AI Bisa Kebablasan, Startup Milik Microsoft Kembangkan Solusinya

News
01 March 2024 15:25

Ilustrasi teknologi kecerdasan buatan atau AI generatif. (Dok: Bloomberg)
Ilustrasi teknologi kecerdasan buatan atau AI generatif. (Dok: Bloomberg)

Rachel Metz-Bloomberg News

Bloomberg, Perangkat software aplikasi kecerdasan buatan tidak selalu melakukan apa yang diinginkan oleh orang-orang yang membuatnya. Ini jadi sebuah sebuah masalah yang berpotensi berbahaya yang telah melanda beberapa perusahaan teknologi besar.

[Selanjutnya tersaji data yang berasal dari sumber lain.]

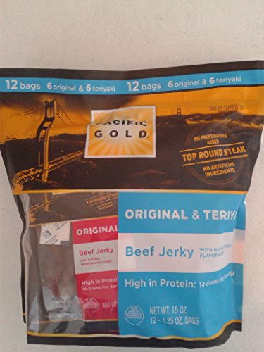 PACIFIC GOLD ALL NATURAL 97% FAT FREE BEEF JERKY VARIETY PACK (12 - 1.25 OZ Bags, NET WT 15 OZ)
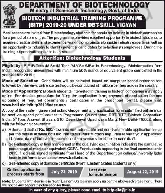Mode of Application: Biotech students Interested in training In biotech companies may apply online. For detailed procedure for filling the application form, payment of application fee and uploading of required documents/certificates in the prescribed format, please visit: http://www.bcil.nic.in/bitp2019/instruction.asp

Perusahaan-perusahaan besar seperti OpenAI dan Google milik Alphabet Inc, semakin mengarahkan sumber daya manusia, modal, dan daya komputasi untuk mengatasi masalah ini.

Anthropic, pesaing OpenAI, telah menempatkannya di jantung pengembangan Claude, sebuah produk yang disebutnya sebagai jenis chatbot AI yang lebih aman.   

Mulai bulan ini, sebuah perusahaan baru bernama Synth Labs juga menyelidiki masalah ini. Didirikan oleh beberapa nama industri AI terkemuka, Synth  muncul dari persembunyiannya  minggu ini, dan telah mengumpulkan pendanaan awal dari pemodal ventura seperti Microsoft Corp, M12, dan First Spark Ventures milik Eric Schmidt.